In August, Ohio Rep. Rick Perales went so far as to argue that real firearms could easily still be disguised as replica ones, and vice versa, therefore the bill was effectively a lost cause.

"I don't see how public policy can affect this situation," he told the Yellow Spring News. "I don't think there's a quick fix."

"I don't see how public policy can affect this situation. I don't think there's a quick fix." — Ohio Rep. Rick Perales

Meanwhile, black boys like Tyre King are still dying. Police officers will likely continue to evade prosecution for their deaths, based largely on plausible deniability: the gun looked real, they will say, therefore they had to treat it as such.

Frankly, it's a hard claim to dispute.

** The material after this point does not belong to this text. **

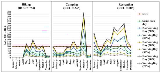 Seasonality is even more pronounced for Camping. October emerges as a critical hotspot, with daily visits on non-working days exceeding the RCC (335 persons/day) across all scenarios. July is another pressure point, reaching 133% of RCC in Scenario 3 and 152% in Scenario 4, whereas January and September only exceed RCC under Scenario 4. Even when social crowding preferences are set aside and only physical space is considered, October is the sole month where the available area per camper falls below the 84 m2 standard: 56 m2, 40 m2, and 35 m2 in scenarios 2, 3, and 4, respectively. These values signal extreme physical congestion during the October peak.

After Dedric Colvin, a 14-year-old black boy from East Baltimore, was shot while carrying a BB gun in May, the city's police commissioner, Kevin Davis, called a press conference where he displayed the BB gun the boy was carrying next to a real firearm. 

The reporters gathered at the presser couldn't tell the two apart.

"Indicative of [the] tough job we have," Davis said.

Photos have also circulated comparing the air gun Tamir Rice was carrying when he was shot to a real firearm. The resemblance is equally uncanny. In the end, requiring BB guns to be visually marked as a separate category from real firearms may not be the only solution to the entire problem, or even the best solution. 

But the alternative, for the time being, has been to not have a solution. That should be a lot harder for us to accept.

Sept. 15, 2016, 4:26 p.m. Eastern: This story has been updated to reflect the confirmed spelling of the shooting victim's name.